TOKYO, Feb. 21 — Japan’s purchases of imported rice have reached the limit of 100,000 metric tons through the simultaneous buy and sell (SBS) tendering system in fiscal 2017.
The purchases highlight the shortage of cheap Japanese-grown rice for the food service industry.
The fifth round of the SBS tenders in the fiscal year ending March 31 was held on Feb 20. A total of 14,898 metric tons of imported rice from all origins was successfully bid during the auction, fulfilling the target of 100,000 metric tons, the agriculture ministry said.
Of those tons, the U.S. was the largest supplier with a market share of 58 percent, followed by Australia at about 33 percent.
The agriculture ministry regularly tenders for rice imports throughout each fiscal year, to fulfill the nation’s annual import commitment to the World Trade Organization (WTO).
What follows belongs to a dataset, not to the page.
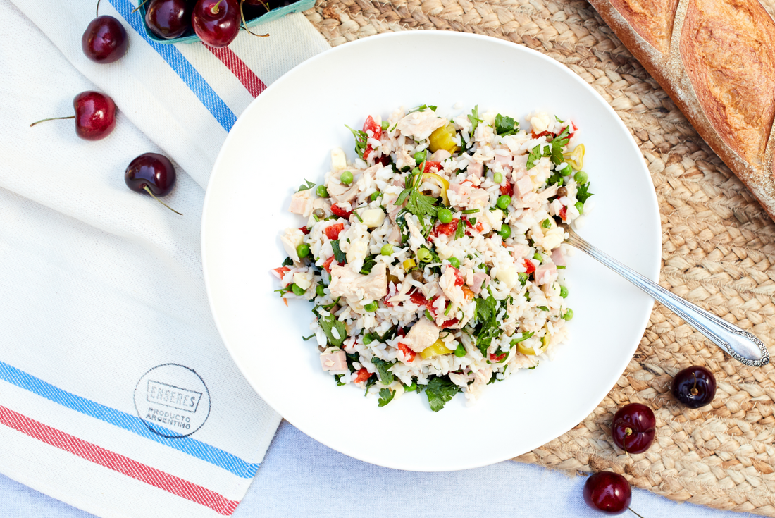 A classic insalata di riso always includes good canned tuna and some kind of cured pork product. While ham, aka prosciutto cotto in Italy, is the most common, fine-grained salume like mortadella or even hot dogs (called by their German name, würstel, in Italy) are perfect, too.

Japan is obliged to buy 770,000 metric tons of foreign rice each year, and it uses two tendering systems — minimum access and the SBS.
The minimum access tenders account for the majority of Japan’s imports. These initially end up in government warehouses.
And up to 100,000 metric tons can be traded in the SBS system and passed to end users, which are largely in the food service sector. The ministry sets the volume for SBS tenders depending on domestic market conditions. .
Domestic prices for table rice are expected to remain high as the government is encouraging growers to shift rice to be used for animal feed. That makes imported rice more attractive to the Japanese food service industry.